Выбрать главу

Я, конечно, рассказал о нем Рейну как другу и ментору. Он был скептичен:

— Знаю я стихи этого отличника…

— Но он развивается!

Действительно, все больше забрасывая науки, развивался он, как и мы, скачками. Вот написал вычурно-отталкивающие, но забавные "Отродья": "У мужчины родился урод, / человеческий только рот"; витринная манекенша забеременела от магазинного воришки, в результате чего родилась уродка, подходящая подруга для первого. А уж от них, от двух уродов, пошло поколение нормальных людей, то есть, читай, все мы — отродья…

Дерзко, необычно, нелеповато… Найман давал читать это компании "под часами": знатоками были отмечены политические аналогии "Отродий" с партией и комсомолом и библейско-мифологические — с Адамом и Евой. Но скоро новизна стала у него связываться не с изобретательным вымыслом, а с личной неповторимостью, дыханием, сердцебиением, генетическим кодом, и он научился легко ее выражать в простейшем:

Живу в квартире номер семьдесят, дом семьдесят по Карла Маркса. Мой дом и здания соседние похожие имеют маски.

Рифмы здесь калиброваны. Маски домов могут быть схожи, и все ж точные номера дают не только неповторимый адрес, но и полное совпадение стихов с действительностью, пусть даже в анкетном ее проявлении. Реализм? Не совсем, потому что здесь нет примата реальности над искусством. Это в конце концов лишь ранний, несколько упрощенный пример великого гетевского принципа "Поэзии и Правды", притчи о двух сосудах, взаимно наполняющих друг друга.

Нет ничего легче и продуктивней, чем наполнить стихи собой, и если не мешают препоны между языком и авторским переживанием, то индивидуальность текста получается словно самопроизвольно. Жестикуляция, мимика, тембр голоса отпечатываются чуть ли не дактилоскопически в словах. О чем бы ни писал поэт, он изображает свой портрет: так ранний Найман описал каток, вполне демократическое место скользких зимних забав молодежи. Он — о том, как "в облегающих рейтузах / садятся девушки к парням, / приобретая позы клоунш", а я вижу его в Эрмитаже на третьем этаже, рассматривающим гротески Тулуз-Лотрека. При этом он, приподняв бровь, косит в сторону, интересуясь, замечен ли он читателем именно там, в тех залах, где висят импрессионисты, то есть прочитан ли код, сообщающий о взаимной элитарности обеих сторон.

Эффект "клоунш" признал и Рейн; мы втроем стали появляться в литературных компаниях, и я помню, как Толя читал "Каток", стараясь понравиться Леше Лившицу, тогда студенту журналистики, который слыл авторитетным и взыскательным филологом.

Нет, элитарный код не был им прочитан, стихи Наймана вызвали скепсис, как, впрочем, и мои стихи.

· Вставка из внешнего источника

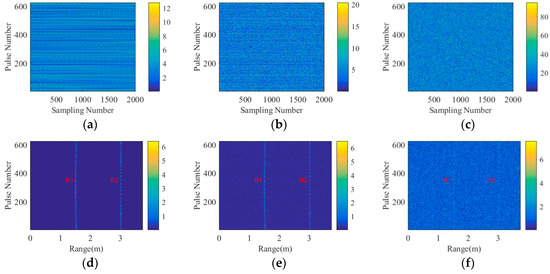 As shown in Table 1, the number of the coded-aperture array elements is 625 and the sampling times within a pulse is 2000. Therefore, the coded-aperture receives 625 pulses with the length of 2000. To obtain the range profiles of the echo signals, the 625 pulses are processed by IFT operation according to Equation (13). Figure 6a–c presents the original 625 pulses under 30 dB, 0 dB and −30 dB, respectively, while Figure 6d–f shows the corresponding range profiles. R1 and R2 are used to describe the imaging planes 1 and 2 at 1.5 m and 3 m, respectively. The echo signals become chaotic from Figure 6a–c with the decreasing SNRs. Under 30 dB and 0 dB, Figure 6d,e clearly presents the range positions of R1 and R2, separately. Although when the SNR declines to −30 dB, Figure 6f still shows two ambiguous lines at the positions of R1 and R2. Therefore, we can extract the related columns of R1 and R2 and then project them to the corresponding imaging planes by BP method, which is introduced in detail in Section 2.3.1.

Из нас троих Лившиц признал лишь Рейна, да и то с оговорками: интеллект, культурность, книжность не считались ценностями среди университетских поклонников Хлебникова. Это отношение, вместе с авторитарностью, Лившиц усвоил и воспринял от своего ментора Михи Красильникова, тогда исключенного из университета за публичный демарш в духе славянствующего Велимира. Былинно рассказывалось, как Миха со приятели явились на лекцию по советской литературе в посконном, сотворили квасную тюрю и стали хлебать ее деревянными ложками. Даже привычкой говорить нараспев эта легендарная личность повлияла на идущих вослед универсантов-филологов. Распев, впрочем, восходил к манере бытовой речи Пастернака, которому в стихах жестоко подражал Леша Лившиц, но о своих опытах до поры умалчивал.

Непризнание казалось несправедливым и обидно досаждало Найману, как если бы, к примеру, его футбольная команда продула противнику, а он "стоял в голу". Но, в сущности, оно было правомерным. Своей собственной, даже такой обаятельной манеры для той поэзии, которой мы взыскали, было недостаточно. Оригинальную манеру лихорадочно ищут и не могут найти участники литературных кружков, но для подлинного певца это не более, чем умение опереть свой голос на диафрагму. Что и как он запоет — вот в чем все дело!